I forgive myself that I have accepted and allowed myself as a mother to not realise that my child's life when born under the abortion limit will be a life of struggle where actually living in all it's potential is impossible and therefore I have to decide for the child whether this life is worth living.

I forgive myself that I have accepted and allowed myself as a mother to not realise that my urge/longing for this child will possibly blind me in my decision whether I should keep my child alive on machines or let it rest in peace knowing the barbaric life it would have.

I forgive myself that I have accepted and allowed myself as a mother to not realise that being the mother of a premature life is having to take care of the life that I manifested through consequences and therefore I need to decide on behalf of my child in the best interest of all whether this child should be saved or aborted.

I forgive myself that I have accepted and allowed myself as a mother to fear to loose my child when it is born under the abortion limit.

I forgive myself that I have accepted and allowed myself as a mother to mentally break down by the thought of loosing my child not being able anymore to decide in the best interest of all.

I forgive myself that I have accepted and allowed myself as a mother to not realise that I act from a point of self-interest when I want to keep my premature child fearing to loose that what I determine as mine and will do anything to keep it alive even if it isn't in the best interest of the child.

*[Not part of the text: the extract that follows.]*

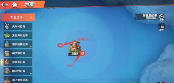 来到【珍兽岛】右侧找到海军.击败海军,然后来到左侧找到海盗队长,接着来到【无名海岛】开启宝箱

I forgive myself that I have accepted and allowed myself as a mother to not realise that my child even when premature, is not my possession, I do not own it, it is Life that I may cherish, teach and learn from.

I forgive myself that I have accepted and allowed myself as a mother to put myself before Life and decide over Life from a point of emotion and feelings, not considering the whole and the consequences that come along with it.

I forgive myself that I have accepted and allowed myself as a mother to not care for Life when it comes to wanting to keep my premature child when I know the life it will have, saying that it will be though but the love for this child will heal it all.

I forgive myself that I have accepted and allowed myself as a mother to not realise that loving a severe disabled child will not be enough to give the child a dignified life.

I forgive myself that I have accepted and allowed myself as a mother to not realise that what is best for me is not automatically best for my premature child.

I commit myself as a mother to see/realise/understand that I'm not the center of my universe and I need to learn how to act in the best interest of all to see /realise /understand that my decisions about my premature child are not to be made from the point of possessing the child and not wanting to loose what is mine.

I commit myself as a mother to care for all Life and therefore make a decision about the life of my premature child that can stand the test of time and provide my child with a dignified life.

I commit myself as a mother to see/realise/understand that the love for my child will not make it's condition go away, which makes my love within that moment self-interested and a veil in order to make a decision in the best interest of all.